What's in My Bag with Alan M. Hirahara, MD, FRCS(C)
Joint Preservation with Superior Capsule Reconstruction (SCR)
Q. Is SCR a new technique? What does it do and how are the long-term results?
A. The SCR was pioneered by Dr. Teruhisa Mihata in 2007 for patients with irreparable rotator cuff tears. He recently published 24-51 month follow-up on 24 of his patients, showing outstanding outcomes in pain, ASES scores and acromial-humeral distance measurements. This technique recreates a superior capsule to keep the humeral head reduced in the glenoid by attaching tissue from the glenoid to the greater tuberosity.
Q. What are the potential risks of SCR or are patients better off with a reverse TSA?
A. The SCR does not burn any bridges and can be performed arthroscopically. The procedure carries minimal risk, as compared to a reverse total arthroplasty, which has increased risk of infection, failure, fracture, neurovascular complications and many more. Japanese surgeons have accepted the SCR technique as the reverse was just recently approved for use in Japan in July 2014.

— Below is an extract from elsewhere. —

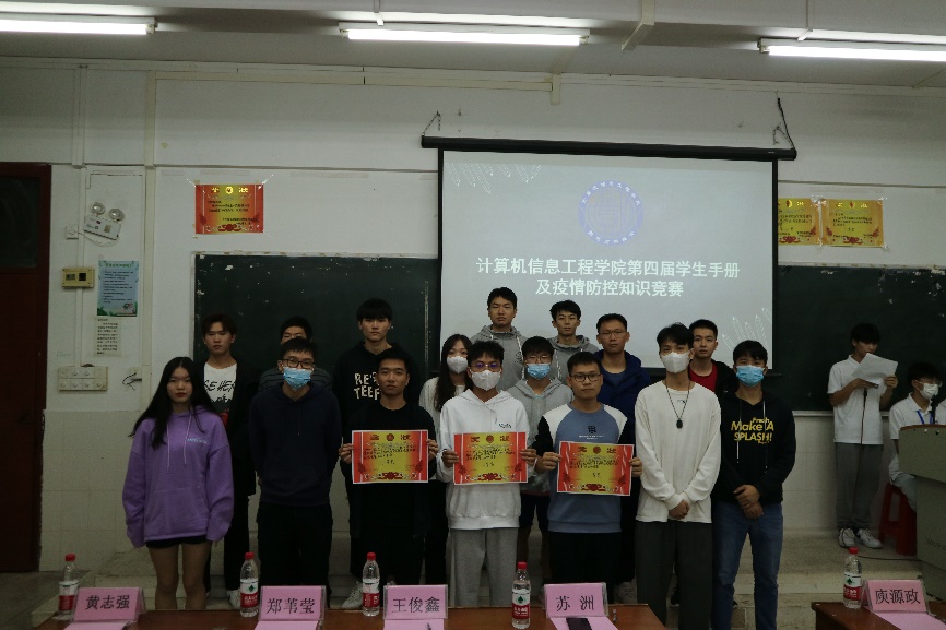 经过三个环节的激烈竞争,最终有三支队伍获胜,分别是第一名软件二班、第二名计网一班、第三名软件一班。最后由计算机信息工程学院温海浚老师、吕文平老师、庾源政老师分别为第一名、第二名、第三名获奖班级颁发奖状并合影留念。

Q. Can you comment on your own clinical experiences and patient results?
A. We have refined this challenging procedure to make it simpler for the surgeon and less painful for the patient. My patients have been uniformly excited about their outcomes. Having had multiple failed attempts at rotator cuff repairs, they have all commented at how much easier the rehabilitation has been and how much less pain they have had. My results are consistent with Dr. Mihata’s report.
Q. How do you perform the procedure?
A. I use a 3.5 mm ArthroFlex dermal allograft. We measure the defect and cut the graft to size. Beach chair positioning is preferred as this allows the arm to be placed neutrally for fixation so as not to over tighten the graft. The graft is placed arthroscopically with a PASTA Bridge fixation medial to the labrum on the glenoid and a SpeedBridge laterally on the greater tuberosity. We retain the labrum for stability. We attach the graft to the infraspinatus to prevent escape of the head. The anterior margin of the graft is attached to the remaining rotator interval tissue; however, if no tissue exists, then the graft should not be over constrained by attaching to the subscapularis.
Q. Your experiences would suggest this is a promising technique. What are your thoughts looking forward?
A. There are limited solutions between repair and arthroplasty for patients with irreparable massive rotator cuff tears without arthritis. I see this becoming the newest option in our bag to help the younger, nonarthritic active patients.